Throughout the remainder of the Soviet Union’s existence, Yevtushenko continued to protest anti-Semitism and other injustices in the Soviet Union. He was one of several famous figures, including Anna Akhmatova, and Jean-Paul Sartre to protest the trial of the Soviet poet, Joseph Brodsky, who had been accused of being a “social parasite” and “anti-Soviet.” Furthermore, he penned a letter in protest of the Warsaw Pact’s invasion of Czechoslovakia in 1968. Even so, Yevtushenko, never crossing the line into dissidence, he remained in good standing with the Kremlin, having his poems published in Soviet newspapers. He spent much of his time traveling the world, and claimed to be a friend of Fidel Castro, Salvador Allende, and even Robert Kennedy.
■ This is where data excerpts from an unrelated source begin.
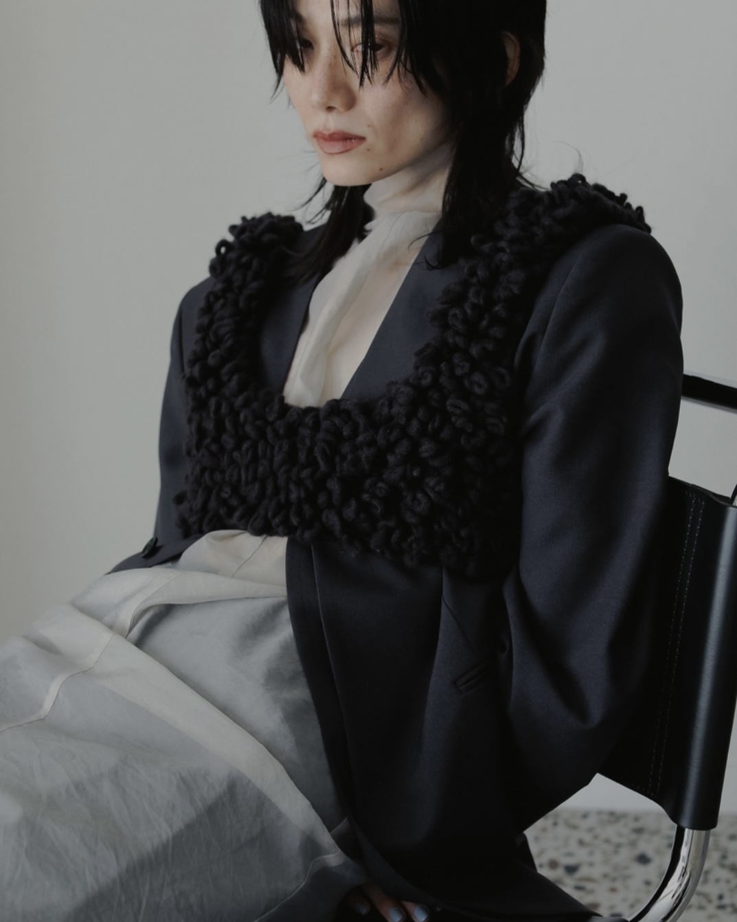 ジャケットのインナーとして合わせたり、ニットと合わせたり、重たくなりがちな秋冬のスタイリングに抜け感をプラスしてくれます。
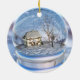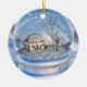 Dentro da neve um globo é uma paisagem do inverno com uma casa de campo overshadowed por árvores desencapadas do bordo e de cereja. A neve brilha no gramado, arbustos do azevinho cobertos com o flanco vermelho brilhante das bagas a porta, e os flocos de neve caem através do ar congelado. Ao lado do globo um chickadee pequeno olha curiosa dentro na cena diminuta.
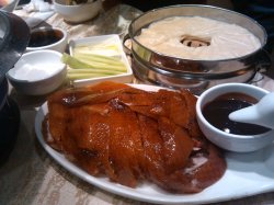 距离公司很近,部门小聚,宴请客户经常来这里。地址在朝阳区朝阳大屯路(近南沟泥河公交车站)。菜的味道都还中规中矩,不过菜量是越来越小,价钱是越来越贵。自己花钱一般很少来这里了。吃饭的环境还行的,就是包间的话不是全封闭式的,有点不方便;菜的话,基本上还行,菜量有点少,味道还行,菜品样式挺新颖的;本人觉得比较好吃的有蓝莓山药,葱油饼,鸭梨一锅鲜,都比较不错。金牌烤鸭肉大而厚,有点软。娃娃菜有点八成熟的样子。炸酱面太次,面和酱都很失败。焦溜丸子和甜辣土豆丝味道也一般。从菜上来说这里还算上中等的吧;这里可以考虑一下几个朋友在这里聚聚,不过要是想有隐蔽空间的话就别考虑这家了。…查看更多

Although he was critical of the Soviet Union, he like many Russians, was sad to see its final demise in 1991. The decade that followed the end of the Soviet Union was marked by disorganization and sacrifice as Russia struggled to pick itself back up. In his poem, “Good Bye, our Red Flag,” he touched the hearts of many Russians, writing,

I didn’t take the czars’ Winter Palace.
I didn’t storm Hitler’s Reichstag.
I am not what you call a “Commie.”
But I caress the Red Flag
and cry.

After the fall of the Soviet Union, Yevtushenko spent much of his time in the United States, working as a professor at New York University and the University of Tulsa. Though he liked both New York and Tulsa, Yevtushenko was particularly fond of Tulsa, a place where he believed people were “closer to Mother Nature” and “more sensitive.” While Yevtushenko spent much of his time traveling between Russia and the United States it was in an American hospital in his beloved Tulsa, where Yevtushenko, surrounded by his family, died on April 1st of this year.